Nutritious donations encouraged

Collection centres urge people to donate healthy foods that will contribute to a balanced diet

Graphic by Laila Hack
Graphic by Laila Hack

As the winter months approach, food bank collection centres are urging people to focus on providing nutritional donations over junk food and treats.

The Food Bank of Waterloo Region, located at 50 Alpine Court in Kitchener, supports hot meal programs, shelters and residential programs in the community. For them, the quality of the donations they receive are as crucial as ever.

“If you think about Canada’s Food Guide, most food banks are looking for donations in each of the food groups so that ultimately they are able to deliver a nutritious, balanced, food hamper or community meal for a food program at the residential program that is being served,” said Ruth Friendship-Keller, the manager of community partnerships at The Food Bank of Waterloo Region.

Their website indicates their most needed items at the moment are peanut butter, beans, canned fish, canned fruit, cold cereal and canned pasta.

“We are very grateful for every donation that we receive,” Friendship-Keller continued. “And as I mentioned, we are very fortunate. We get donations from food industry supporters so that we have milk coming in from dairy farmers of Ontario, we have eggs from egg producers, we have frozen meat coming in from partners like Maple Leaf Foods, Pillars sausages and during the growing season, the local farmers are giving us fresh product. We have no complaints about donations that are coming in.”

With children and infants making up a big portion of recipients of food bank items or related food programs, milk, formula and nutritious snacks are always in high demand.

One of these programs is Nutrition for Learning, dedicated to providing healthy meals to students in Waterloo with their breakfast, lunch and healthy snack programs.

According to Brian Banks, community development officer at Nutrition for Learning, their most beneficial donations are “healthy items like whole grain Cheerios, whole grain Rice Crispies or Shreddies versus the candy cereals. Healthy granola bars, apples, fresh fruits and vegetables, whole grain crackers or whole grain frozen pancakes and bread.”

The program’s mission is to provide students with nutritious resources to encourage and maintain their concentration at school.

“Who benefits are the students and the teachers by a classroom filled with focused and attentive students,” said Banks. “The community and school as well, because it puts everyone on an even platform for learning.”

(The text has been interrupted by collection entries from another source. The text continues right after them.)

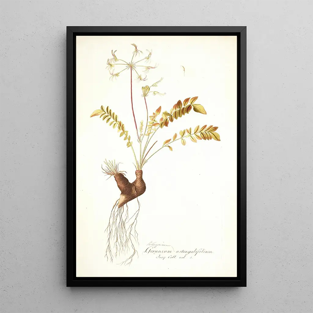 Nikolaus Joseph Freiherr von Jacquin, Botaniker und Künstler des 18. Jahrhunderts, spielte eine entscheidende Rolle beim Aufstieg der botanischen Illustration. Aus Wien ausgebildet, wurde er von den wissenschaftlichen Entdeckungen seiner Zeit und den Entdeckungsreisen beeinflusst, die das Wissen über die weltweite Flora erweiterten. Seine Werke, darunter Pelargonium astragalifolium, zeugen von einem Stil, der wissenschaftliche Präzision und künstlerische Sensibilität vereint. Als Mitglied der Akademie der Wissenschaften trug Jacquin zur Klassifikation der Pflanzen bei und feierte gleichzeitig ihre Schönheit durch seine Kunst, was einen bedeutenden Meilenstein in der Geschichte der Botanik und der Kunst darstellt.
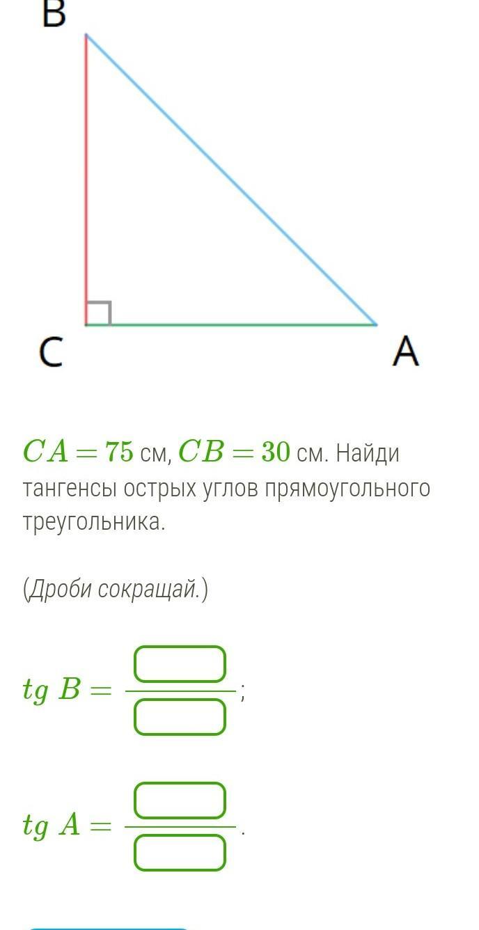 Тангенс - это отношение противолежащего катета к прилежащиму.
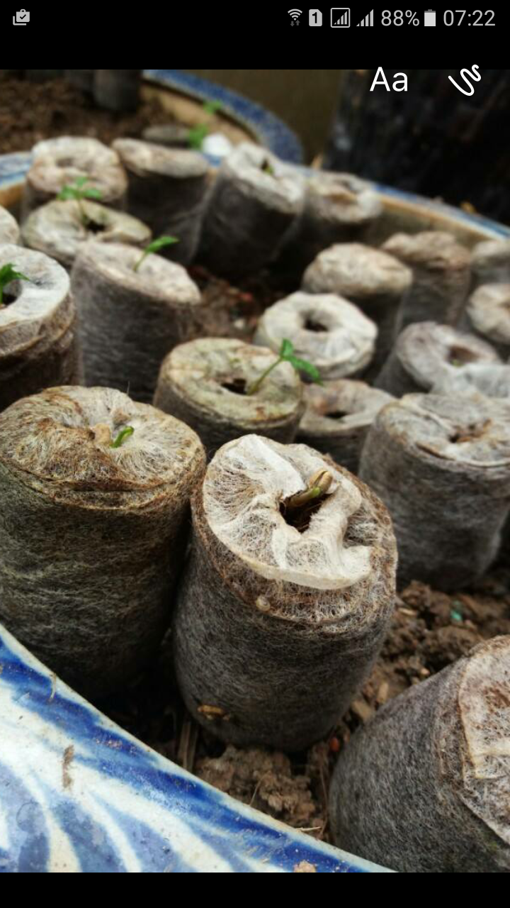 Lưu ý cần chuyển cây vào ngày mát, tránh ảnh hưởng đến rễ cây. hồng thân gỗ thuộc nhóm hạt giống nhập khẩu từ nước ngoài ,nên cần nhớ tưới hàng ngày, không nên nôn nóng vội vã mà quên tưới nhé. Đất trồng luôn ẩm ướt.dưới đây là ảnh hạt hồng được ươm từ bầu nén đã xử lý kích mầm. các bạn nhìn kĩ bầu nén được ươm ẩm ướt và nhuốm màu thời gian

Banks advised people to share the most wholesome option they would like to eat if they had only one chance to eat.

Marillac Place is another program assisted by the The Food Bank of Waterloo Region. It is an emergency shelter for women ages 16-25 who are pregnant, who have a child or who are trying to regain care for their child.

“The big, most in-demand thing is the homo milk that we get on a weekly basis from the food bank,” said Julie Hause, fundraising manager at Marillac Place. “This is highly in demand, of course, because of the babies. We do get the odd cans of formula and stuff like that. The one other thing the food bank provides us with is dairy products which is excellent.”

With their lengthy accommodation of 12 months, The Food Bank of Waterloo Region’s support to Marillac Place is crucial.

“Because of our situation with public health and again because of the age of the children, we aren’t allowed to have any nitrates or anything like that,” said Hause. “So any processed meat, we can’t accept. But any type of snacking, granola bars, stuff like that we can accept from the food bank.”

Since the possibility of keeping a stock of fresh foods like milk and produce is difficult, people are encouraged to consider a cash donation to the food bank.

“It costs money to keep trucks on the road and the enormous fridge and freezer that we have here running,” said Friendship-Keller. “Financial donations are used so that we can pick up large corporate donations of perishable as well as the non-perishable food donated by the community. We are very fortunate because of the great support we have that we don’t have to purchase very much food. But if we are short on one of the key items we will use it to purchase to fill in gaps.”

As the winter months draw to a close, people are encouraged to be more mindful of their community.

“A simple rule is to think of what you would want to receive if you were experiencing some very difficult circumstances and you weren’t able to purchase your own food,” said Friendship-Keller.